Some Savers in Cyprus May Lose 60 Percent - OGinparadise
http://www.nytimes.com/2013/03/30/business/global/some-savers-in-cyprus-may-lose-60-percent.html?_r=0

======
OGinparadise
IMo, they are at least three issues with Cyprus: donor fatigue, even though
the amount is tiny relatively speaking.

EU hates small islands that act as money laundering /low tax heavens.

Lastly, this: _"In 2004, Greek Cypriots again defied international
expectations when they voted down a United Nations-backed reunification plan
they believed was unfairly weighted against them.

A few days later, the island joined the European Union and some EU leaders
were left fuming at what they saw as Greek Cypriot deceit for promising to
sign up to a peace deal in exchange for EU membership.

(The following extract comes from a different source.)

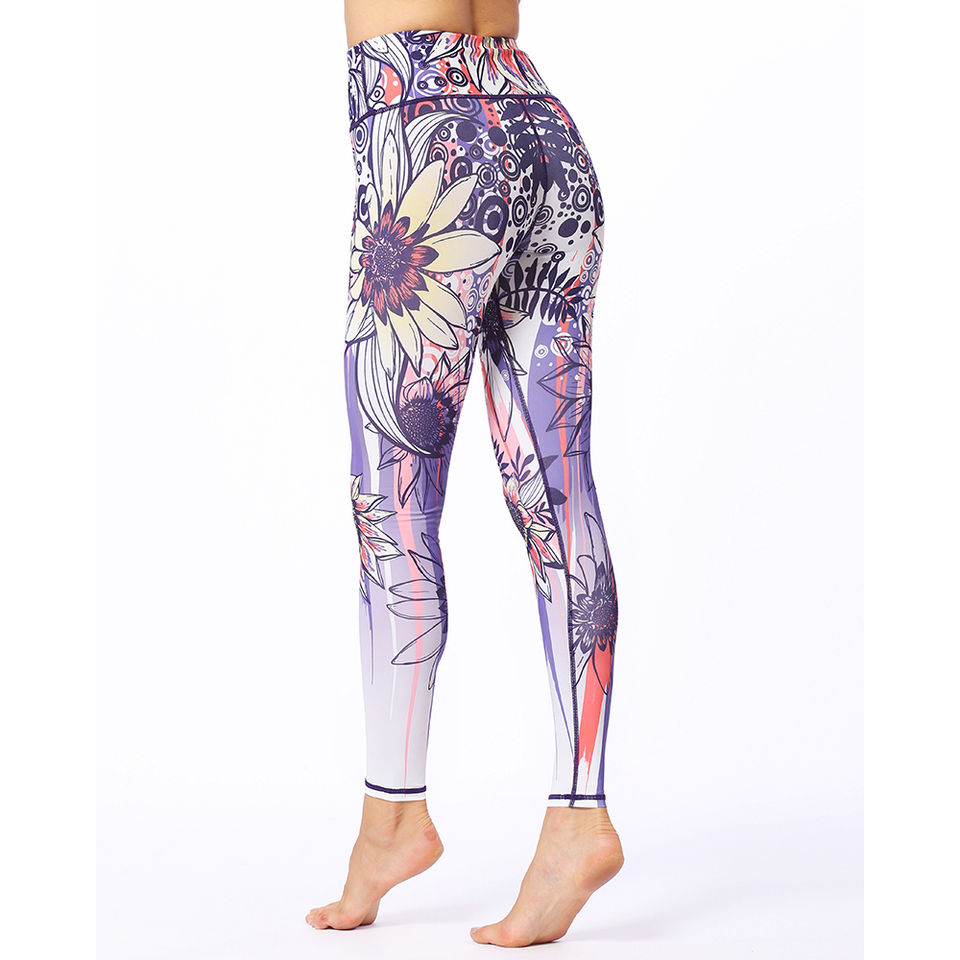 Hot Selling Women's Fitness Yoga Leggings 100% Cotton Breathable Heat-Transfer Printed Thick High Quality Knitted Fabric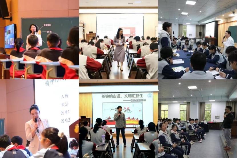 常规初一道德与法治教研组长李晶老师的道法课例《让传统美德在家庭生根》,与北京市三帆中学历史教研组组长陈化峰老师的跨学科课例《驼铃响古道文明汇新生——弘扬丝路精神》共同展现了中华优秀传统文化中“家”与“国”的紧密联系。北京师范大学第二附属中学何杰老师展示语文课例《重读〈愚公移山〉——一脉相承的民族精神》,以问题链引导学生思辨民族精神。上海市金山中学杨波老师在美术课例《孔庙建筑艺术中的规矩》中,创新性借助数字工具,让学生在情境中感悟传统建筑文化内涵。

Nearly a decade later and European acrimony at the Cypriot "no" hasn't
entirely dissipated. German Finance Minister Wolfgang Schaueble told the
Sunday edition of German newspaper Welt am Sonntag that "Cyprus was admitted
to the EU in hopes that the plan of then-U.N. Secretary General Kofi Annan to
overcome the (island's) divide would be honored."

"I interpret (that) as indicating a sense of vindictiveness rather than
rational, result-oriented thinking." said University of Cyprus Associate
Professor Yiannis Papadakis._
[http://hosted2.ap.org/OHCAN/CREPnewswire/Article_2013-03-30-...](http://hosted2.ap.org/OHCAN/CREPnewswire/Article_2013-03-30-Defiant%20Cyprus/id-
cf1a4dace5a04e6a9ad2891e78a86769)